- THE PROBLEM -
An exact copy of the entries is needed, with every picture left out.

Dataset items

################

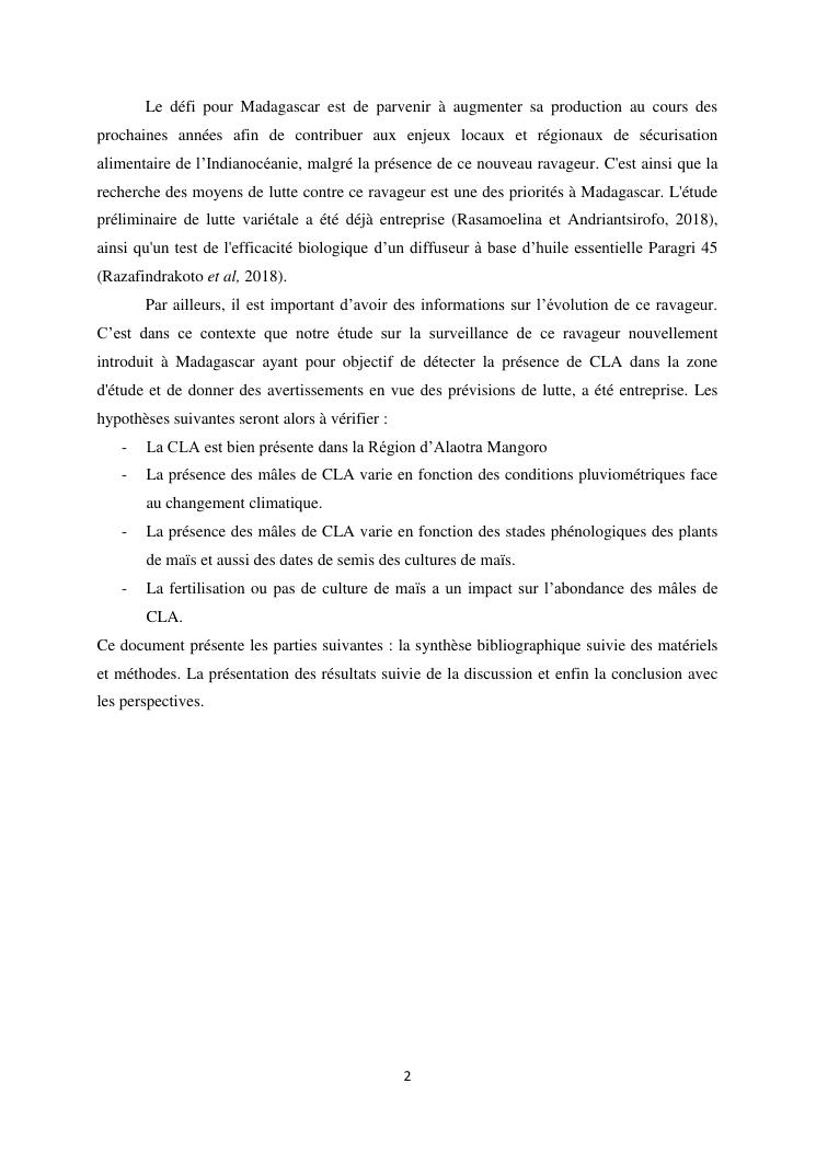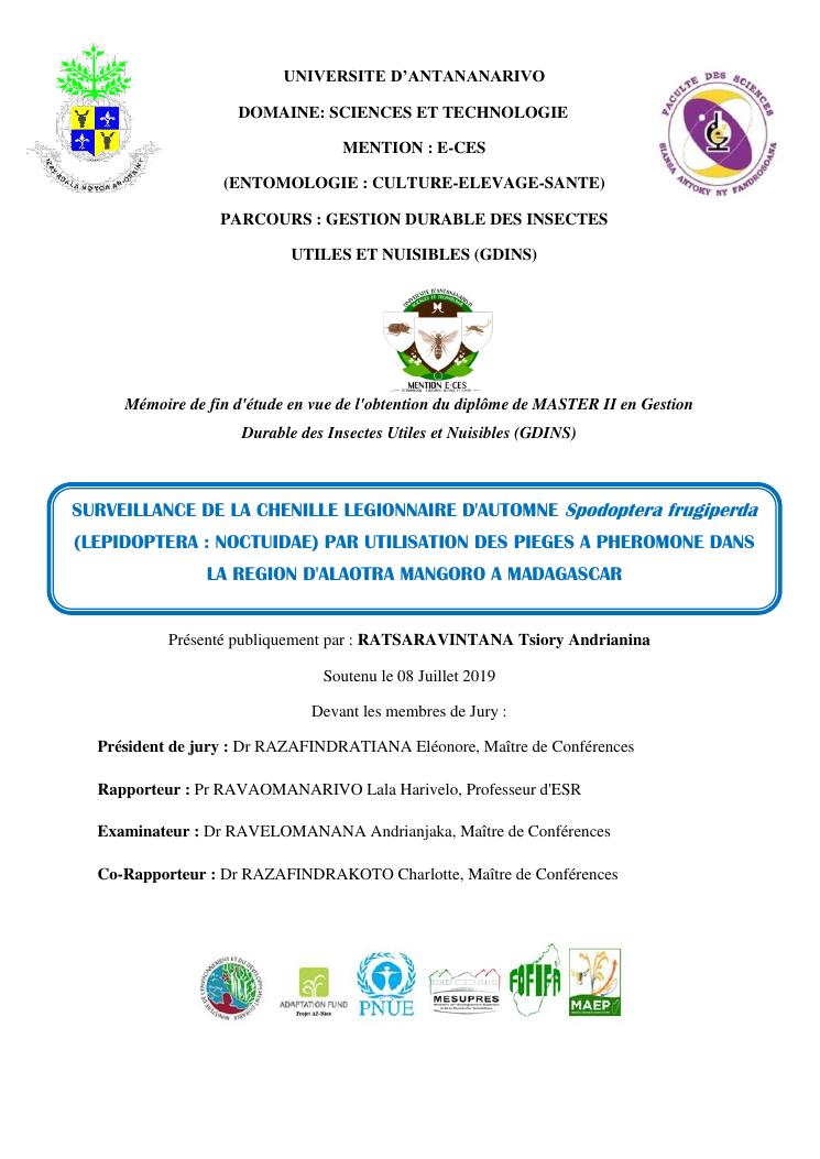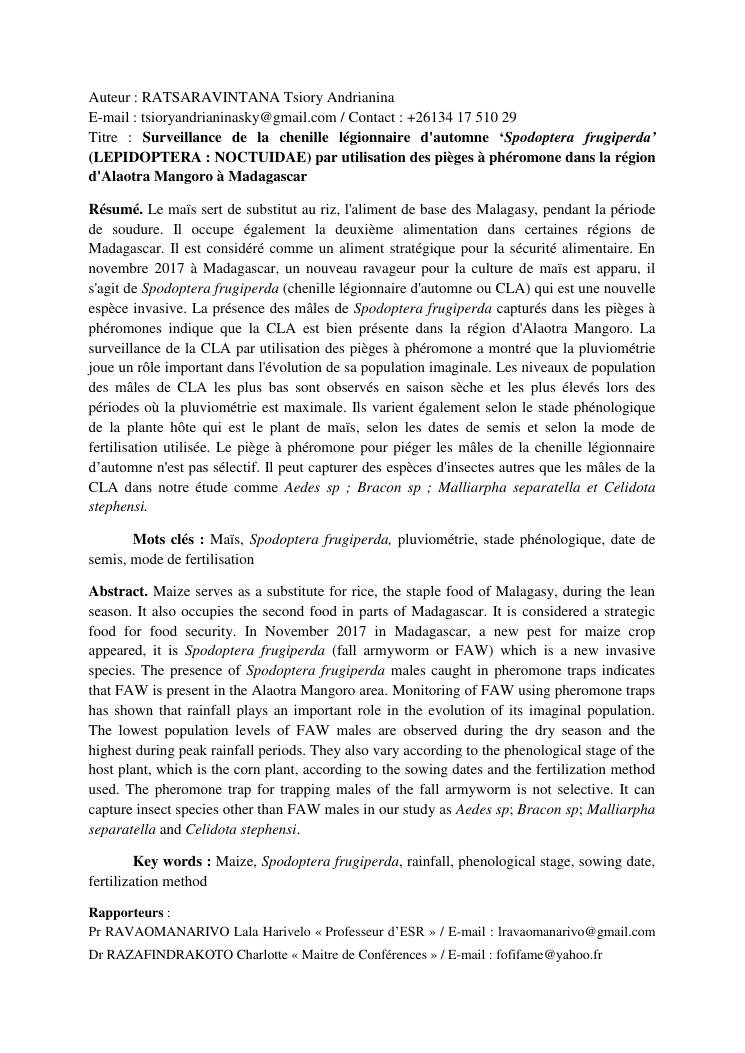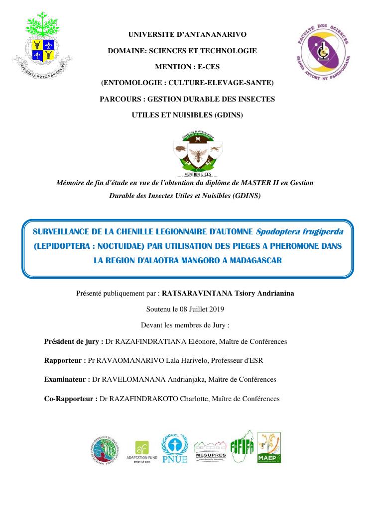 surveillance de la chenille legionnaire d'automne spodoptera frugiperda (lepidoptera : noctuidae) par utilisation des pieges a pheromone dans la region d'alaotra mangoro a madagascar
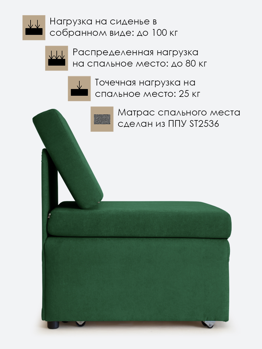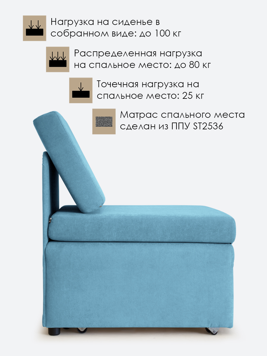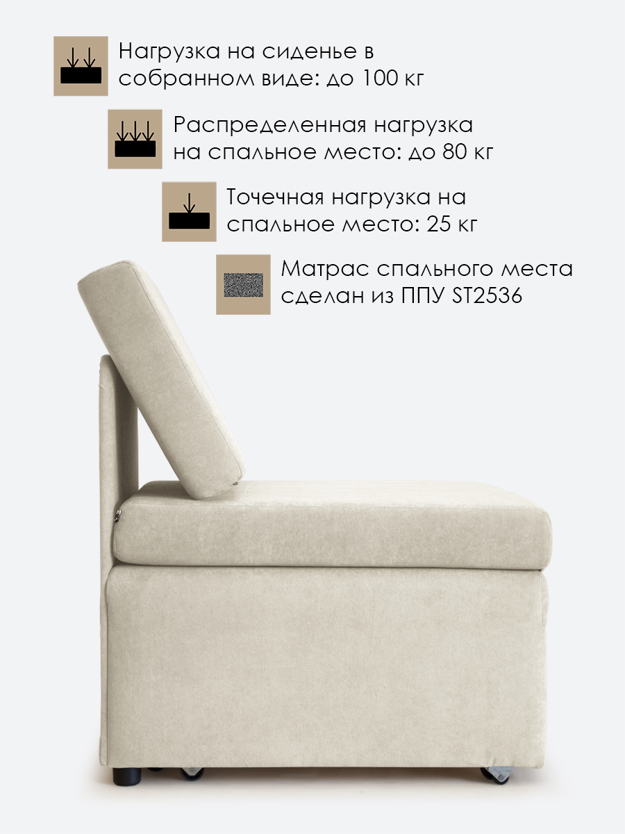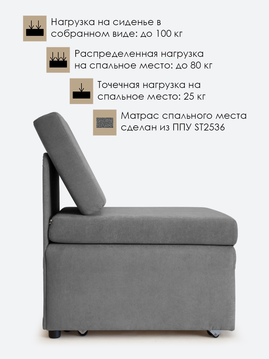 - распределенная нагрузка на спальное место - 80 кг, точечная нагрузка* на спальное место - 25 кг. Нагрузка на кресло в собранном виде - 100 кг.
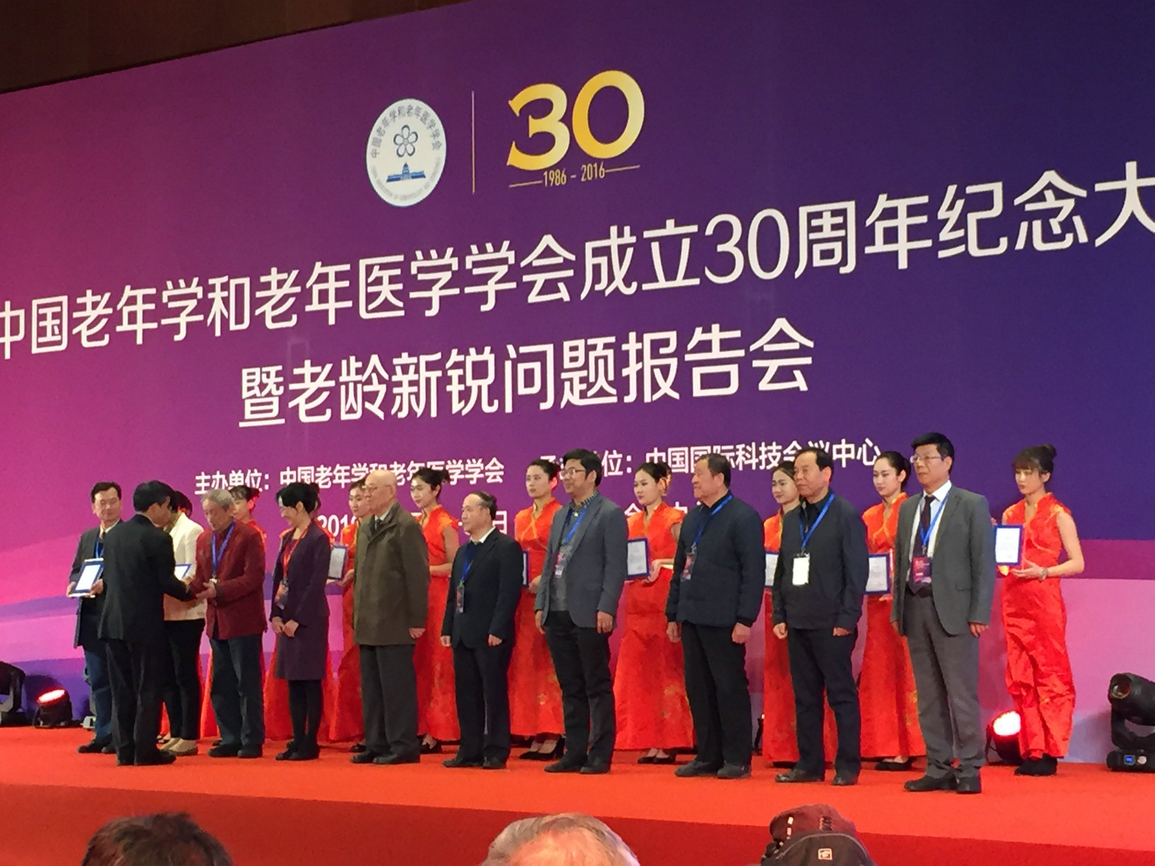 中国老年学和老年医学学会成立30周年纪念大会暨老龄新锐问题报告会和2016年综合学术论坛于2016年10月29—30日在北京国家会议中心隆重举行,来自全国各省、市、自治区的老年学学会代表、研究老年学和老年医学的专家、学者和老年工作者3000余人齐聚一堂,就老年学和老年医学的相关问题进行深入探讨,介绍研究成果,分享成功经验。应大会组委会邀请,华中师范大学老龄问题研究中心专家杨新起、李旭初、李谟介、何芳珍、石丹林、郑晓边和离退休工作处工作人员一行8人前往参加。
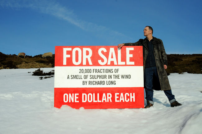 Once the last segment’s been sold, Drummond will supposedly take the $20,000, attempt the walk again and (assuming he succeeds, at least in part) he’ll bury the money in the center of the stone circle depicted in the Richard Long photograph, again assuming it’s still there.
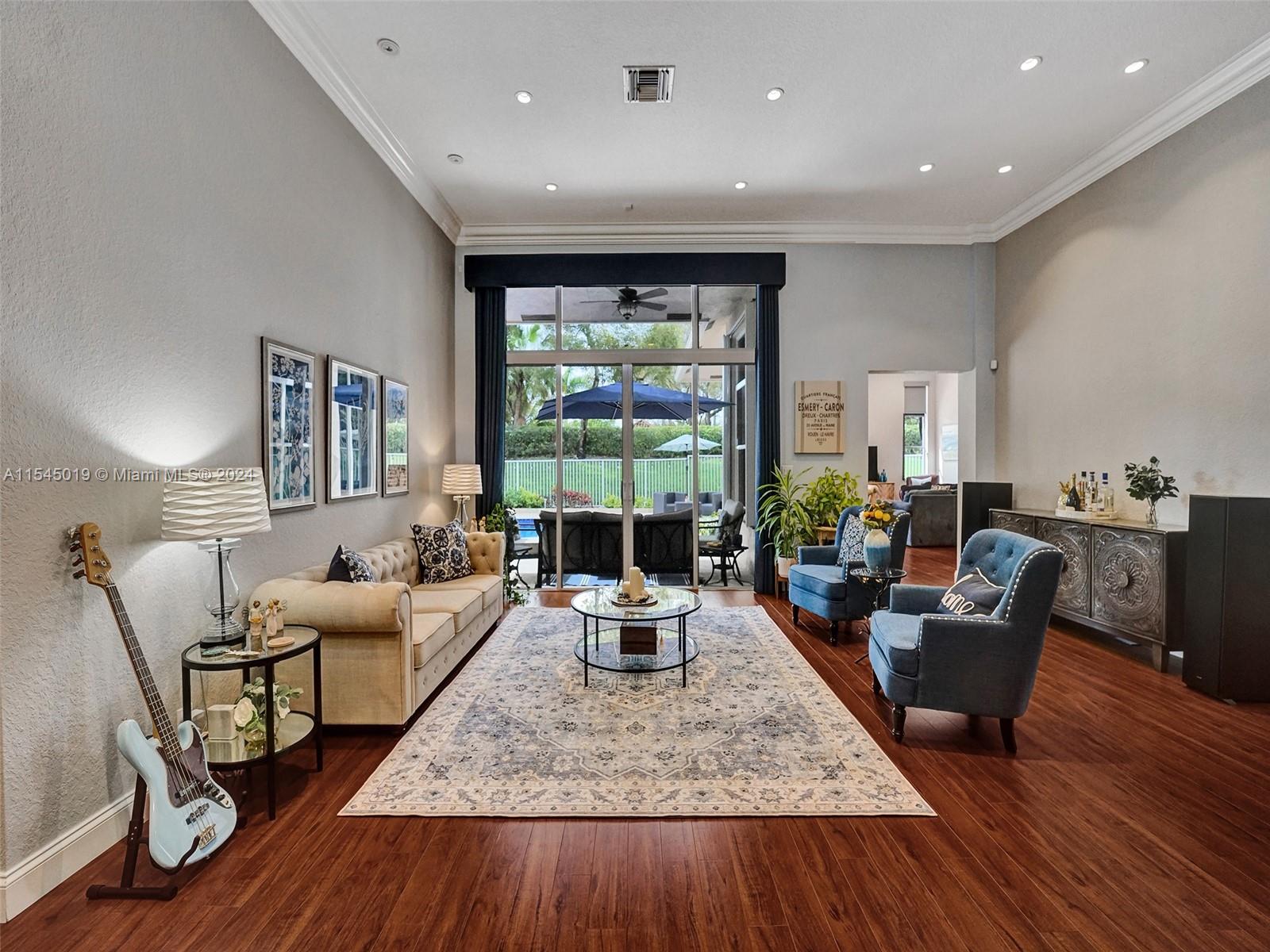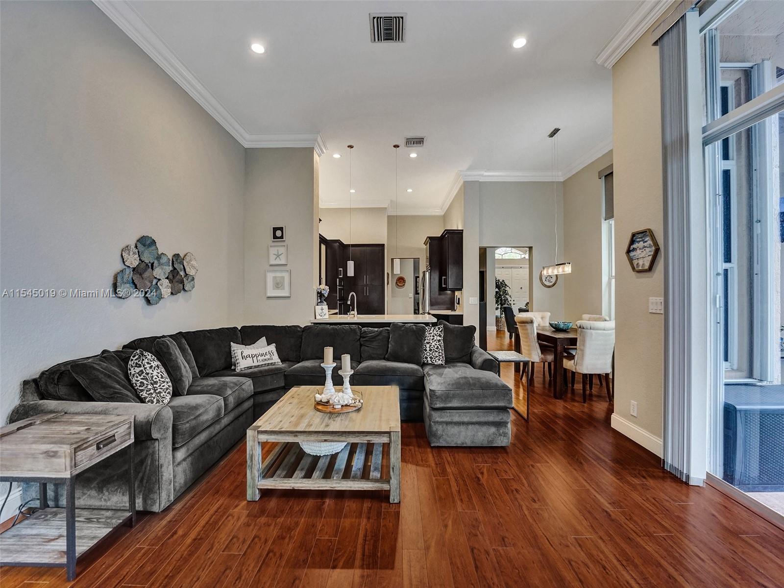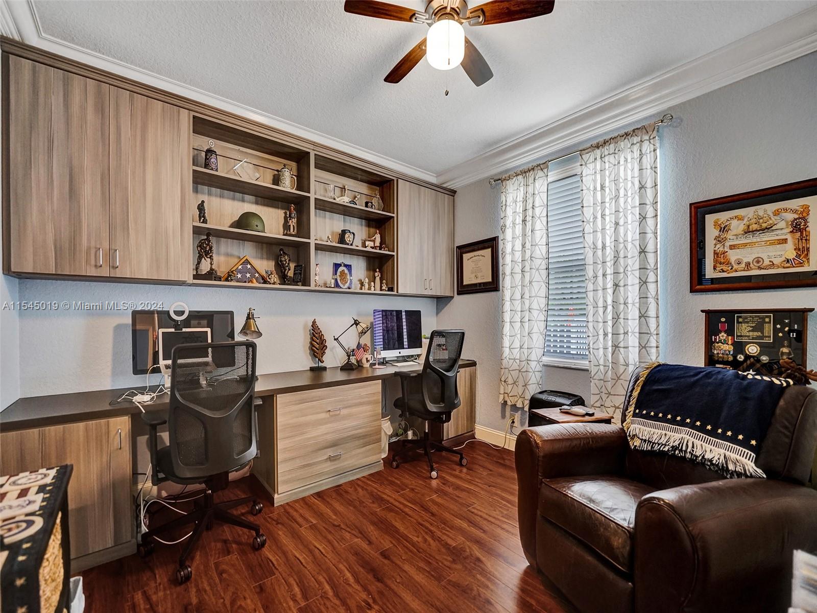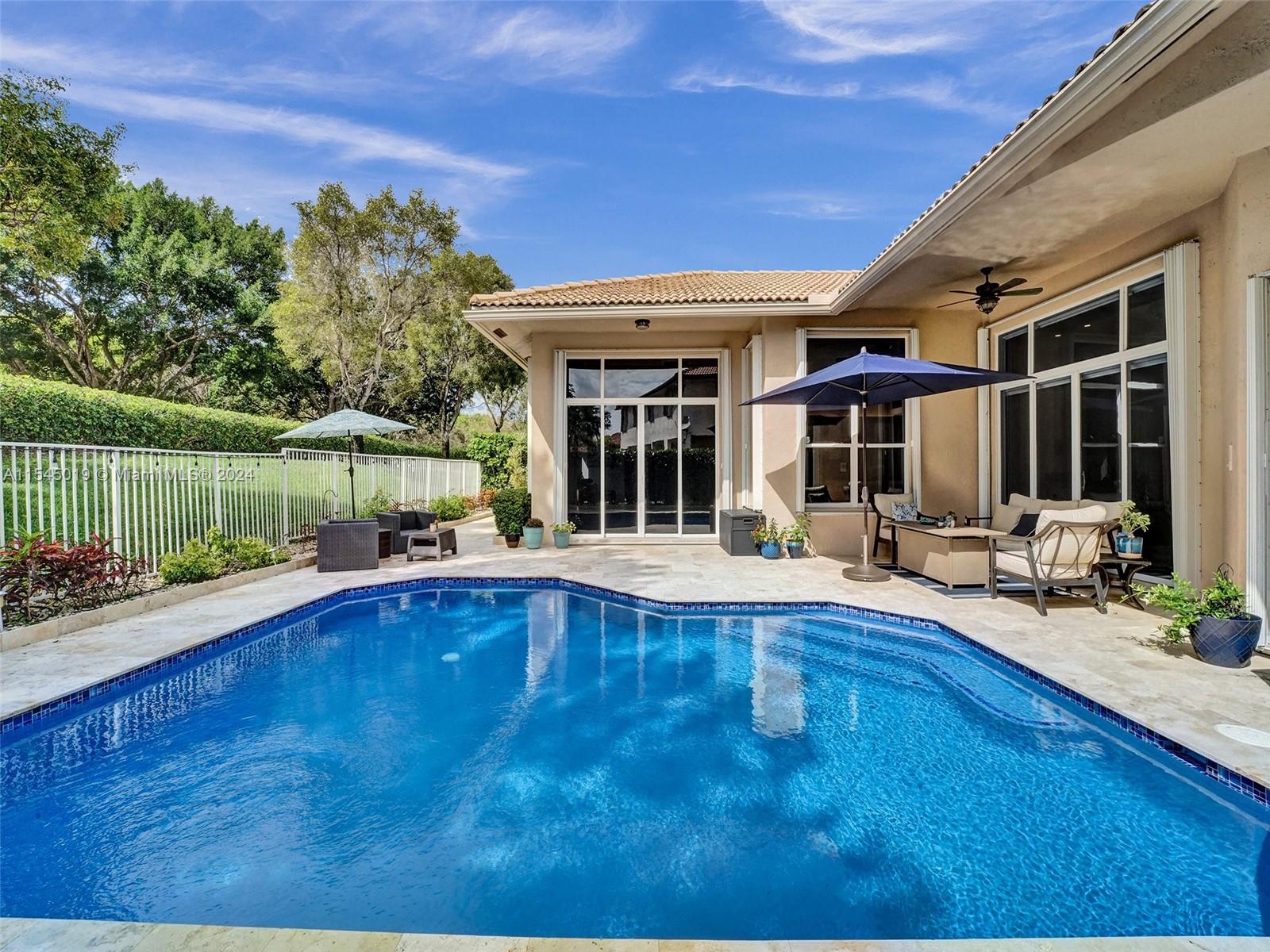 Unveil the charm of this residence in The Ridges with 4 bedrooms with custom closet cabinetry, and one bedroom is transformed into a well-designed custom office. This home includes 3 upgraded bathrooms and a primary suite bathroom with a Vessel tub and marble finishes. The contemporary kitchen has Silverstone countertops and stainless steel appliances. Lush tropical greenery that captivates curb appeal. Retreat to your private oasis in the backyard, where a travertine patio leads to a magnificently refinished Diamond Brite pool with heating and a saltwater system, all enclosed within a fully fenced yard for privacy. Situated within walking distance of the library and highly acclaimed "A" schools, this home is an exquisite find.

################

- TASK RESULT -
 surveillance de la chenille legionnaire d'automne spodoptera frugiperda (lepidoptera : noctuidae) par utilisation des pieges a pheromone dans la region d'alaotra mangoro a madagascar
 - распределенная нагрузка на спальное место - 80 кг, точечная нагрузка* на спальное место - 25 кг. Нагрузка на кресло в собранном виде - 100 кг.
 中国老年学和老年医学学会成立30周年纪念大会暨老龄新锐问题报告会和2016年综合学术论坛于2016年10月29—30日在北京国家会议中心隆重举行,来自全国各省、市、自治区的老年学学会代表、研究老年学和老年医学的专家、学者和老年工作者3000余人齐聚一堂,就老年学和老年医学的相关问题进行深入探讨,介绍研究成果,分享成功经验。应大会组委会邀请,华中师范大学老龄问题研究中心专家杨新起、李旭初、李谟介、何芳珍、石丹林、郑晓边和离退休工作处工作人员一行8人前往参加。
 Once the last segment’s been sold, Drummond will supposedly take the $20,000, attempt the walk again and (assuming he succeeds, at least in part) he’ll bury the money in the center of the stone circle depicted in the Richard Long photograph, again assuming it’s still there.
 Unveil the charm of this residence in The Ridges with 4 bedrooms with custom closet cabinetry, and one bedroom is transformed into a well-designed custom office. This home includes 3 upgraded bathrooms and a primary suite bathroom with a Vessel tub and marble finishes. The contemporary kitchen has Silverstone countertops and stainless steel appliances. Lush tropical greenery that captivates curb appeal. Retreat to your private oasis in the backyard, where a travertine patio leads to a magnificently refinished Diamond Brite pool with heating and a saltwater system, all enclosed within a fully fenced yard for privacy. Situated within walking distance of the library and highly acclaimed "A" schools, this home is an exquisite find.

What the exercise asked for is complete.